An Ebola Preparedness Advisory Committee, consisting of a cross-functional team of Directors and health care professionals, is in place to ensure that TSH can respond appropriately in the event we receive an Ebola patient. We have a series of updated policies and processes; and Ontario hospitals are receiving ongoing support and updates from the Ministry of Health Emergency Management Branch, Public Health Ontario and the Provincial Infectious Diseases Advisory Committee (PIDAC).

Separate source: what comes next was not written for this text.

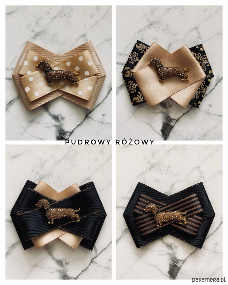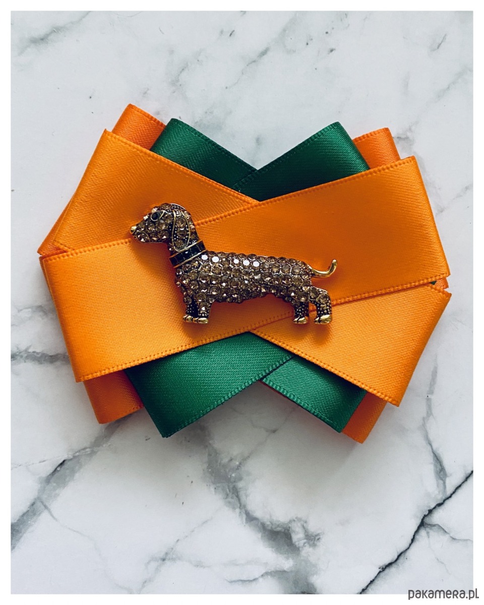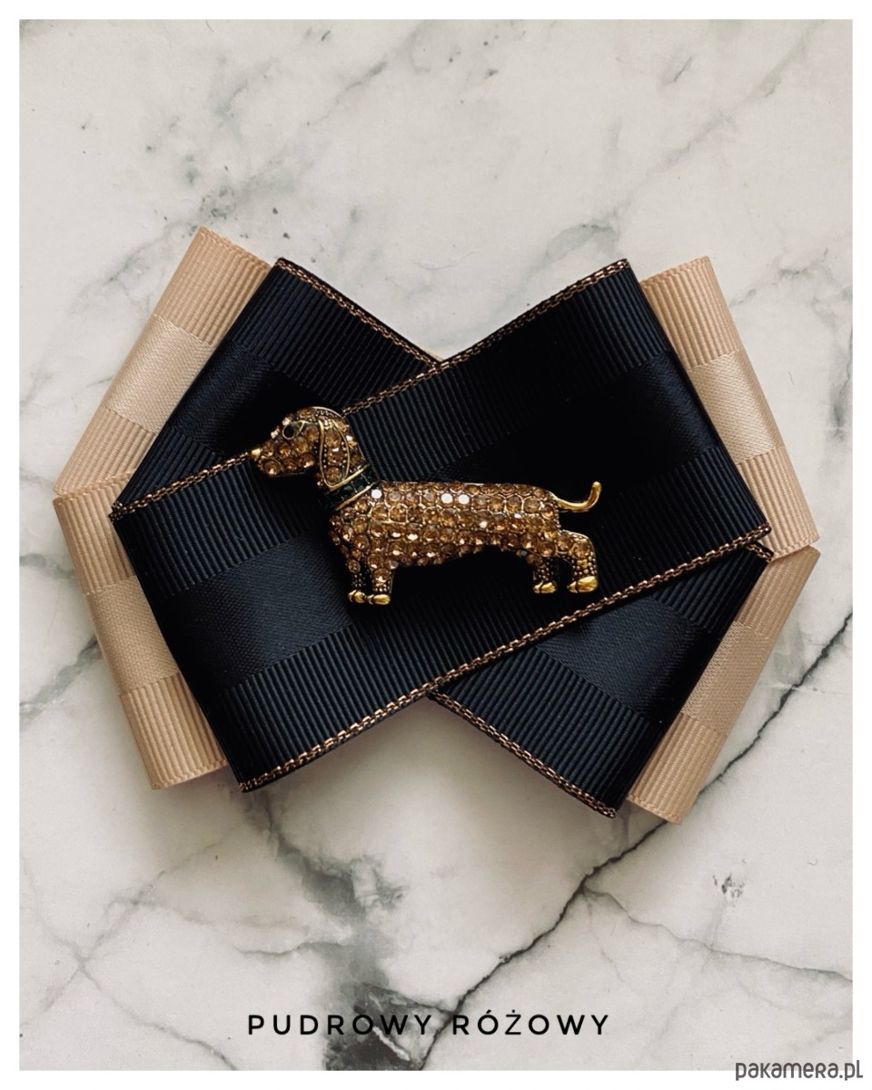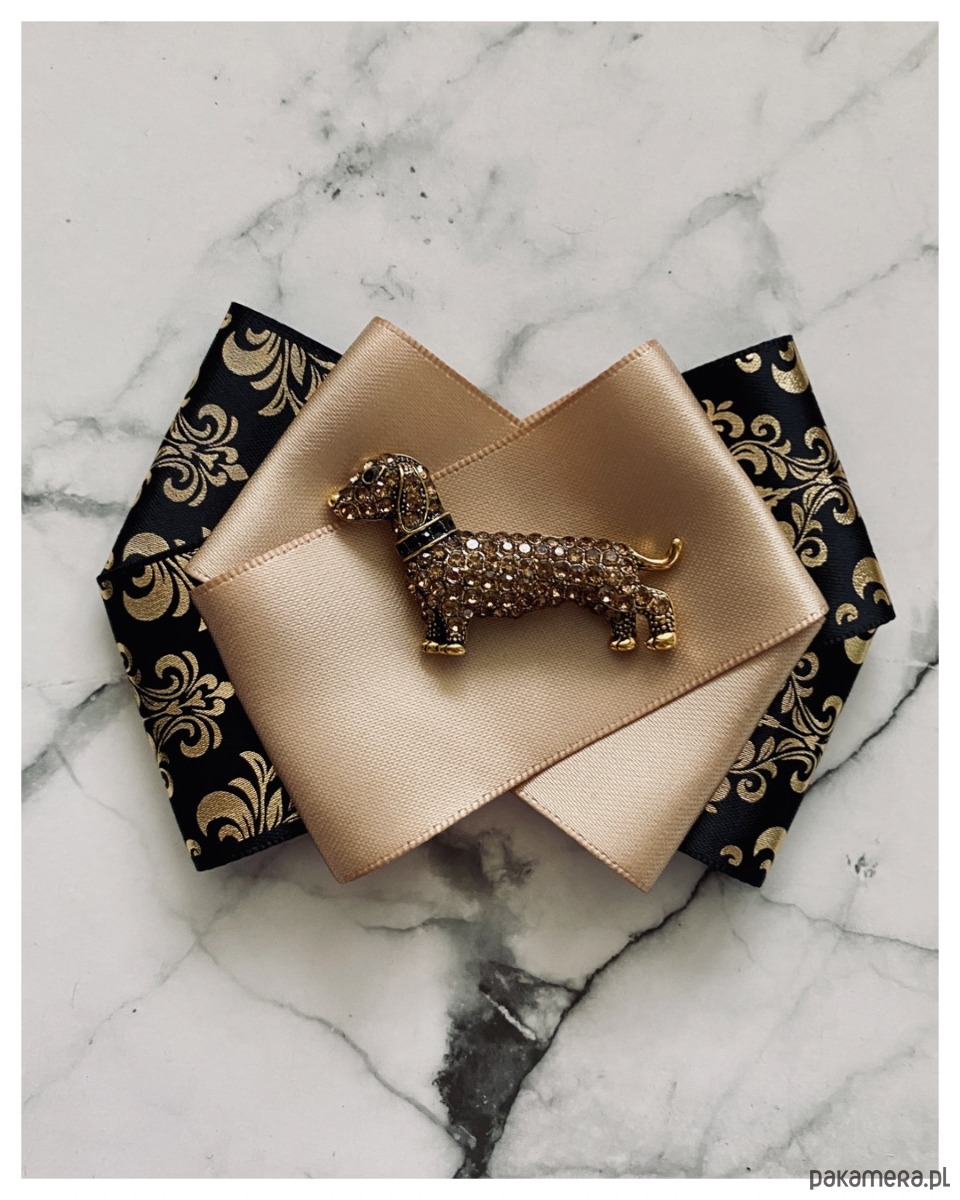 Broszka wykonana z wysokiej jakości taśm i dodatków.

Other plans and preparations include:
- Screening procedures – including obtaining a patient’s travel history – for all incoming ED patients, with plans to extend the screening process to our outpatient clinics and elective surgery patients;
- Signage at our hospital’s public entrances to inform patients of self-screening and when to identify themselves appropriately to hospital staff;
- Appropriate and effective Personal Protective Equipment (PPE) at both campuses for staff and physicians to wear when caring for a suspected Ebola patient;
- Areas in our EDs and Intensive Care Units (ICUs) have been identified where suspected cases can be appropriately assessed, admitted and treated;
- Training for TSH personnel who would care for a suspected Ebola patient;
- Mock drills to ensure policies and procedures are carried out effectively and safely; and,
- A dedicated section on the hospital’s Intranet for staff and physicians with the latest information and resources on Ebola.